It’s another dystopian young adult novel… yes, I’m having a bit of a marathon.
I bought this series when I was on holiday last year, along with 12 other books and 15 kindle books (not exaggerating – I counted!) but it got put on the back burner with moving and everything.
From the blurb:
“Kyla’s memory has been erased, her personality wiped blank, her memories lost forever.
She’s been Slated.
The government claims she was a terrorist, and that they are giving her a second chance – as long as she plays by their rules. But echoes of the past whisper in Kyla’s mind. Someone is lying to her, and nothing is as it seems. Who can she trust in her search for the truth?”
We join Kyla at the start of the novel as she completes a nine month rehabilitation sentence at a hospital for “Slated” teens. Slating is removing all of a persons memories, thoughts, feelings, personality… everything that makes them them. This gives the subject a fresh start; a clean slate. Slating is an extreme surgery which is only performed when a person is a threat to themselves or the government.
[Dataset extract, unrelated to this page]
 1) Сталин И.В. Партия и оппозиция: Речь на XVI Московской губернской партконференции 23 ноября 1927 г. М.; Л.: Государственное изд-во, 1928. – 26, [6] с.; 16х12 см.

Only the under 16’s can be slated. Kyla has had to relearn how to walk, talk and behave in society; she has been assigned a new family who will help her to readjust and monitor her movements.
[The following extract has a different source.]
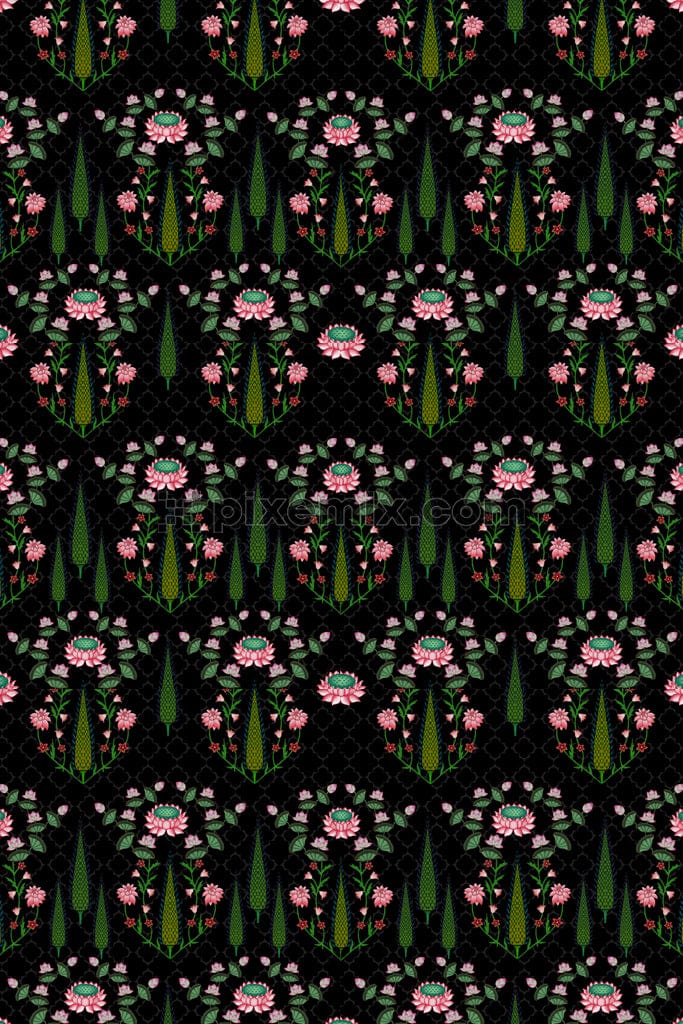 Pichwai florals and leaves product grap[hic with seamless repeat pattern

To keep Kyla in check she is fitted with a “levo” – a wrist band which monitors her emotions and interacts with a chip in her brain. Powerful negative emotions are deemed harmful to society, so if a Slated is too upset or angry the chip forces them to blackout, and in extreme circumstances will cause the person to fall into seizures, from which they might never wake up.
Kyla has been told that a person is only Slated as a punishment for a crime, or if they pose a risk to themselves. Once a person is Slated every trace of personality and memory should be removed, but Kyla has dreams and nightmares she believes are from her former life.
Kyla is more aware than the other Slated; her adoptive sister Amy is very innocent and almost childlike, she accepts everything she is told without question, but Kyla starts to think she hasn’t been told the whole truth. Her every move is monitored, her teachers and counsellors have to provide reports on her behaviour, update the hospital on her period of adjustment. If Kyla doesn’t perform as expected she could be returned.
Kyla doesn’t know who she is or who she can trust.
This is a really interesting premise, the story itself is gripping and quite fast paced. This is definitely a YA novel, but still thoroughly enjoyable. My only issue was that I felt Kyla displayed less than commonsense at key points in the story, which seemed out of character. This was an example, I felt, of the character doing something because the plot required it; it just didn’t feel natural.
Overall an enjoyable read and I’m looking forward to book 2. Unfortunately I am currently on the train, and I don’t have the book with me, so I’m going to re-read a chick lit favourite. Yippee for my kindle!
Hope you are all having a great Monday, and let me know if you’ve read/ plan to read this book.